▶ _PROBLEM DESCRIPTION_
Set the following entries down again exactly, line by line.

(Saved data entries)

--

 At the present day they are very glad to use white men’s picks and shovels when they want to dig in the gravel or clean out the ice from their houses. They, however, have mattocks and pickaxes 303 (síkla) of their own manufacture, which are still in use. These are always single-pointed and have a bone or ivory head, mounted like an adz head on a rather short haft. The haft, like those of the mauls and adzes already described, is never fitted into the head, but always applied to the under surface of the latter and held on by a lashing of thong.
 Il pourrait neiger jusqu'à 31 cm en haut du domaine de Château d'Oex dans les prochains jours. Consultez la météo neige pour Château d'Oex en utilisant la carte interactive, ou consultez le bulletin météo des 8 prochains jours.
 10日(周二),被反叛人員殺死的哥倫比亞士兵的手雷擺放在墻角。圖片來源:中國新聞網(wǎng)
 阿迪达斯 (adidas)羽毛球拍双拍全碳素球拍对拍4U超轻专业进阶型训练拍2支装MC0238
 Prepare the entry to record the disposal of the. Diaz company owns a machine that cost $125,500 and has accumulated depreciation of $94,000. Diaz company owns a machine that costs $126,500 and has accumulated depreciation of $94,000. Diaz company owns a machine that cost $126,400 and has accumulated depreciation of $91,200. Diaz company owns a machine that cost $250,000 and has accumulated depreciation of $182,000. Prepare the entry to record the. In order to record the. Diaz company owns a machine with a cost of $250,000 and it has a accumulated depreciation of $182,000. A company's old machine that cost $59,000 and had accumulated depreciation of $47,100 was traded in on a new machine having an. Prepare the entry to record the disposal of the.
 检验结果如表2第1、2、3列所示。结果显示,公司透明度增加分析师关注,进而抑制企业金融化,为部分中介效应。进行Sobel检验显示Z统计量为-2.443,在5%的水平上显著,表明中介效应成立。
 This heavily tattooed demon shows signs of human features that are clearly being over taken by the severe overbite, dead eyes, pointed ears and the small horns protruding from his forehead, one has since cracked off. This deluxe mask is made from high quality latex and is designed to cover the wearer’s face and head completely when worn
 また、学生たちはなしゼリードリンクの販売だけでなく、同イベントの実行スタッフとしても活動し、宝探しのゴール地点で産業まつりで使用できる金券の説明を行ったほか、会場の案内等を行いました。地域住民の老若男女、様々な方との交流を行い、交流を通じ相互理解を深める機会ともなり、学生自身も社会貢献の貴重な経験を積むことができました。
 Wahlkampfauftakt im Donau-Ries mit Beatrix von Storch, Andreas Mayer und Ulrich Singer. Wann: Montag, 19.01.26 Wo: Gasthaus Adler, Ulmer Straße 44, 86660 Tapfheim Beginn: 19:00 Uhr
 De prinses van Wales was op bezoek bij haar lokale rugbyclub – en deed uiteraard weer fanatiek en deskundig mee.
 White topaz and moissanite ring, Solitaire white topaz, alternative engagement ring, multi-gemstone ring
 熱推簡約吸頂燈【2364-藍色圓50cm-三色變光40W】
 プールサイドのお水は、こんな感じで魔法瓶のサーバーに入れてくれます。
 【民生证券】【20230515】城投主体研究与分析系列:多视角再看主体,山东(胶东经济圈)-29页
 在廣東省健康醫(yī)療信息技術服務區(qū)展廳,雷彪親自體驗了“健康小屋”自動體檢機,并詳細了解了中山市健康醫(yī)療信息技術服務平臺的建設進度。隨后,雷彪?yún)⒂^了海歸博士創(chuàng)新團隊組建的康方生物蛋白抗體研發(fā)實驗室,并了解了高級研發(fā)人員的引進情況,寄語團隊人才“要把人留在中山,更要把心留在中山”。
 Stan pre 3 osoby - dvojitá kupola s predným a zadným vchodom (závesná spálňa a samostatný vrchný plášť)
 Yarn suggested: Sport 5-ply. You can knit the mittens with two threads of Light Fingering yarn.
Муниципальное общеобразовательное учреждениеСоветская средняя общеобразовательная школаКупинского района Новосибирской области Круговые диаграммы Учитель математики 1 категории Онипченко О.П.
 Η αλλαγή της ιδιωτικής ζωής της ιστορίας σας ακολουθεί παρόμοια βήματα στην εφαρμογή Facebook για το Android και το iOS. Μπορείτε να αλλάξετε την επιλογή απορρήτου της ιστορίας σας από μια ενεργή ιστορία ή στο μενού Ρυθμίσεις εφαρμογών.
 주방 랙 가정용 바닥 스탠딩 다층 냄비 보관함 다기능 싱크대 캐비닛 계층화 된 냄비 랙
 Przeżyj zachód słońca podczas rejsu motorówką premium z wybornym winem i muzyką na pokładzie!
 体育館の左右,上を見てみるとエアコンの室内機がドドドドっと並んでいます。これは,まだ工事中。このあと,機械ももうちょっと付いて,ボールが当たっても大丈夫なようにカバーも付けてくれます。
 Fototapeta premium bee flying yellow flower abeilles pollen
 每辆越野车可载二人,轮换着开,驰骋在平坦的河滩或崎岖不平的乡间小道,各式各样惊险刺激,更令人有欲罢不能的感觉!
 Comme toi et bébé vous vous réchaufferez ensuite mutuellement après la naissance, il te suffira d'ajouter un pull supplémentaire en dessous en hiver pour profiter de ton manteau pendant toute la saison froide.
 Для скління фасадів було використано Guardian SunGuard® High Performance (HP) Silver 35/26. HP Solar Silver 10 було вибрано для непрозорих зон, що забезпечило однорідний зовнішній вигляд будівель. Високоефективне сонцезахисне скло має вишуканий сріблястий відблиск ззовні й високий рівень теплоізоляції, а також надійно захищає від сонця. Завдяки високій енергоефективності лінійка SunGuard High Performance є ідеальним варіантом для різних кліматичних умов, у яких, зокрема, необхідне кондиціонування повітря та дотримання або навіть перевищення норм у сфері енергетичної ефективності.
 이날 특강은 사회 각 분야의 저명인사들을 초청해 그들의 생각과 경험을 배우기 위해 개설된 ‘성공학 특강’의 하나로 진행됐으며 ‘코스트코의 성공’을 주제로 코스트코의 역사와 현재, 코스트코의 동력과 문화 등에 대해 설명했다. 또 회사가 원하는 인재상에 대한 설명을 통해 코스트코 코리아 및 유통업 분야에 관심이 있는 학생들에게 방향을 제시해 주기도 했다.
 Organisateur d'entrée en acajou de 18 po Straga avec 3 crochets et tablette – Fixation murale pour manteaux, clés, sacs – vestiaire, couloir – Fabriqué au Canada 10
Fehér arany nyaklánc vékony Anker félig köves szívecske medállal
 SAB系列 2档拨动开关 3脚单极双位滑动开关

--

▶ _ANSWER FOR THE TASK_
 At the present day they are very glad to use white men’s picks and shovels when they want to dig in the gravel or clean out the ice from their houses. They, however, have mattocks and pickaxes 303 (síkla) of their own manufacture, which are still in use. These are always single-pointed and have a bone or ivory head, mounted like an adz head on a rather short haft. The haft, like those of the mauls and adzes already described, is never fitted into the head, but always applied to the under surface of the latter and held on by a lashing of thong.
 Il pourrait neiger jusqu'à 31 cm en haut du domaine de Château d'Oex dans les prochains jours. Consultez la météo neige pour Château d'Oex en utilisant la carte interactive, ou consultez le bulletin météo des 8 prochains jours.
 10日(周二),被反叛人員殺死的哥倫比亞士兵的手雷擺放在墻角。圖片來源:中國新聞網(wǎng)
 阿迪达斯 (adidas)羽毛球拍双拍全碳素球拍对拍4U超轻专业进阶型训练拍2支装MC0238
 Prepare the entry to record the disposal of the. Diaz company owns a machine that cost $125,500 and has accumulated depreciation of $94,000. Diaz company owns a machine that costs $126,500 and has accumulated depreciation of $94,000. Diaz company owns a machine that cost $126,400 and has accumulated depreciation of $91,200. Diaz company owns a machine that cost $250,000 and has accumulated depreciation of $182,000. Prepare the entry to record the. In order to record the. Diaz company owns a machine with a cost of $250,000 and it has a accumulated depreciation of $182,000. A company's old machine that cost $59,000 and had accumulated depreciation of $47,100 was traded in on a new machine having an. Prepare the entry to record the disposal of the.
 检验结果如表2第1、2、3列所示。结果显示,公司透明度增加分析师关注,进而抑制企业金融化,为部分中介效应。进行Sobel检验显示Z统计量为-2.443,在5%的水平上显著,表明中介效应成立。
 This heavily tattooed demon shows signs of human features that are clearly being over taken by the severe overbite, dead eyes, pointed ears and the small horns protruding from his forehead, one has since cracked off. This deluxe mask is made from high quality latex and is designed to cover the wearer’s face and head completely when worn
 また、学生たちはなしゼリードリンクの販売だけでなく、同イベントの実行スタッフとしても活動し、宝探しのゴール地点で産業まつりで使用できる金券の説明を行ったほか、会場の案内等を行いました。地域住民の老若男女、様々な方との交流を行い、交流を通じ相互理解を深める機会ともなり、学生自身も社会貢献の貴重な経験を積むことができました。
 Wahlkampfauftakt im Donau-Ries mit Beatrix von Storch, Andreas Mayer und Ulrich Singer. Wann: Montag, 19.01.26 Wo: Gasthaus Adler, Ulmer Straße 44, 86660 Tapfheim Beginn: 19:00 Uhr
 De prinses van Wales was op bezoek bij haar lokale rugbyclub – en deed uiteraard weer fanatiek en deskundig mee.
 White topaz and moissanite ring, Solitaire white topaz, alternative engagement ring, multi-gemstone ring
 熱推簡約吸頂燈【2364-藍色圓50cm-三色變光40W】
 プールサイドのお水は、こんな感じで魔法瓶のサーバーに入れてくれます。
 【民生证券】【20230515】城投主体研究与分析系列:多视角再看主体,山东(胶东经济圈)-29页
 在廣東省健康醫(yī)療信息技術服務區(qū)展廳,雷彪親自體驗了“健康小屋”自動體檢機,并詳細了解了中山市健康醫(yī)療信息技術服務平臺的建設進度。隨后,雷彪?yún)⒂^了海歸博士創(chuàng)新團隊組建的康方生物蛋白抗體研發(fā)實驗室,并了解了高級研發(fā)人員的引進情況,寄語團隊人才“要把人留在中山,更要把心留在中山”。
 Stan pre 3 osoby - dvojitá kupola s predným a zadným vchodom (závesná spálňa a samostatný vrchný plášť)
 Yarn suggested: Sport 5-ply. You can knit the mittens with two threads of Light Fingering yarn.
Муниципальное общеобразовательное учреждениеСоветская средняя общеобразовательная школаКупинского района Новосибирской области Круговые диаграммы Учитель математики 1 категории Онипченко О.П.
 Η αλλαγή της ιδιωτικής ζωής της ιστορίας σας ακολουθεί παρόμοια βήματα στην εφαρμογή Facebook για το Android και το iOS. Μπορείτε να αλλάξετε την επιλογή απορρήτου της ιστορίας σας από μια ενεργή ιστορία ή στο μενού Ρυθμίσεις εφαρμογών.
 주방 랙 가정용 바닥 스탠딩 다층 냄비 보관함 다기능 싱크대 캐비닛 계층화 된 냄비 랙
 Przeżyj zachód słońca podczas rejsu motorówką premium z wybornym winem i muzyką na pokładzie!
 体育館の左右,上を見てみるとエアコンの室内機がドドドドっと並んでいます。これは,まだ工事中。このあと,機械ももうちょっと付いて,ボールが当たっても大丈夫なようにカバーも付けてくれます。
 Fototapeta premium bee flying yellow flower abeilles pollen
 每辆越野车可载二人,轮换着开,驰骋在平坦的河滩或崎岖不平的乡间小道,各式各样惊险刺激,更令人有欲罢不能的感觉!
 Comme toi et bébé vous vous réchaufferez ensuite mutuellement après la naissance, il te suffira d'ajouter un pull supplémentaire en dessous en hiver pour profiter de ton manteau pendant toute la saison froide.
 Для скління фасадів було використано Guardian SunGuard® High Performance (HP) Silver 35/26. HP Solar Silver 10 було вибрано для непрозорих зон, що забезпечило однорідний зовнішній вигляд будівель. Високоефективне сонцезахисне скло має вишуканий сріблястий відблиск ззовні й високий рівень теплоізоляції, а також надійно захищає від сонця. Завдяки високій енергоефективності лінійка SunGuard High Performance є ідеальним варіантом для різних кліматичних умов, у яких, зокрема, необхідне кондиціонування повітря та дотримання або навіть перевищення норм у сфері енергетичної ефективності.
 이날 특강은 사회 각 분야의 저명인사들을 초청해 그들의 생각과 경험을 배우기 위해 개설된 ‘성공학 특강’의 하나로 진행됐으며 ‘코스트코의 성공’을 주제로 코스트코의 역사와 현재, 코스트코의 동력과 문화 등에 대해 설명했다. 또 회사가 원하는 인재상에 대한 설명을 통해 코스트코 코리아 및 유통업 분야에 관심이 있는 학생들에게 방향을 제시해 주기도 했다.
 Organisateur d'entrée en acajou de 18 po Straga avec 3 crochets et tablette – Fixation murale pour manteaux, clés, sacs – vestiaire, couloir – Fabriqué au Canada 10
Fehér arany nyaklánc vékony Anker félig köves szívecske medállal
 SAB系列 2档拨动开关 3脚单极双位滑动开关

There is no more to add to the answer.